5. Flippase influence on protein trafficking

P4-ATPases were first linked to protein trafficking when Drs2, and its chaperone, Cdc50, were discovered to genetically interact with Arf [4, 45, 80, 81]. Arf (ADP-ribosylation factor) is a small G-protein that cycles between GTP- and GDP-bound form through the action of several guanine nucleotide exchange factors (ArfGEFs) and GTPase activating proteins (ArfGAPs). In the GTP-bound form, Arf mediates the binding of adaptor proteins and coat proteins, such as COPI and clathrin, to sites of vesicle formation [1]. The synthetic lethal interaction between Drs2 and Cdc50 with Arf suggested that these proteins were important players in vesicle budding pathways. drs2Δ is also synthetically lethal with clathrin temperature-sensitive alleles, but not COPI or COPII mutations, which implicated Drs2 in clathrin-mediated protein trafficking pathways [4].

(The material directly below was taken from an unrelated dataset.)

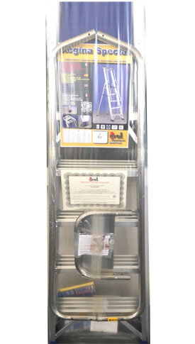 Лестница-стремянка Regina Special с поручнями и полкой 8 ступеней для профессионального использования.Противоскользящая рифлёная платформа из армированного полипропилена; Прочные ремни безопасности, предотвращающие случайное складывание;Большие,эргономичные, противоскользящие опорные наконечники из резины, обеспечивающие максимальную устойчивость лестницы;Лоток для инструментов на 10 кг.;Поручни с двух сторон устанавливаются снаружи лестницы, что увеличивает полезную ширину платформы и упрощает доступ рабочего.Усилительные распорки на первой ступени;Арматурные стержни на более длинных ступеняхУсиленная спинка от 8 ступенекНаличие этикеток и инструкции по использованию и обслуживанию;Полимерная упаковка с презентационным постером;Сертификат испытаний согласно европейским и итальянским нормативным требованиям ISO 9000 EN ISO 9606.технические характеристики Размер рабочей платформы: 28 см х 25,5 см; Ступени с противоскользящим покрытием глубиной: 8 см;Шаг ступеней: 25 см;Задняя часть с усилением (лестницы от 8 ступеней);Высота поручня безопасности: 60 см;Размер профиля передних стоек: 80 мм х 25 мм;Толщина в сложенном виде: 15 см.Максимальная нагрузка: 150 кг.
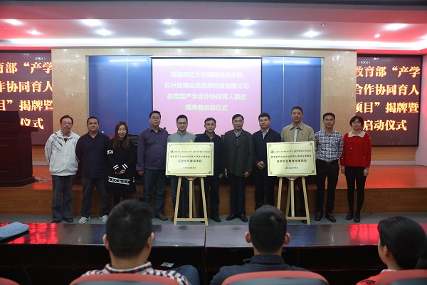4月12日,福建师范大学万搏在线登入▪高博应诺“教育部产学研合作协同育人项目”揭牌暨启动仪式在我院学术报告厅举行。苏州高博应诺信息科技有限公司总经理周世锋、副总经理兼教学总监张益桃,院领导邱永渠、李彬源、吴勇,相关系部负责人、教师代表及2014级计算机科学系部分学生共同参加了启动仪式。启动仪式由副院长吴勇主持。

Drs2 primarily localizes to the trans-Golgi network (TGN) and this is one of the sites from which clathrin-coated vesicles bud. The phenotypes exhibited by drs2Δ cells are similar to the defects observed in cells deficient in clathrin. Both mutants accumulate enlarged Golgi cisternae and late Golgi enzymes involved in proteolytically processing pro-α-factor are mislocalized in both drs2Δ and clathrin mutants. Furthermore, the drs2Δ cells are markedly deficient in clathrin-coated vesicles (CCVs) that can be purified from these cells [4]. The screen for mutants defective in ribosome synthesis that first identified DRS2 may seem at odds with the roles described here in protein trafficking and membrane asymmetry. However, many mutants that exhibit defects in vesicle-mediated protein transport create membrane stress, which is sensed by the cell integrity pathway to downregulate ribosome production and attenuate translation [82, 83]. The defect in ribosome synthesis only appears after shifting drs2Δ cells to cold temperatures (below 20°C) for a few hours [16], while most of the Golgi defects are observed at any temperature [4, 84]. The localization of Drs2 to the TGN and observation that temperature-sensitive for function alleles of DRS2 (drs2-12 or drs2-31) cause a loss of vesicle formation within 30 minutes of temperature shift imply a direct role for Drs2 in vesicle budding [85].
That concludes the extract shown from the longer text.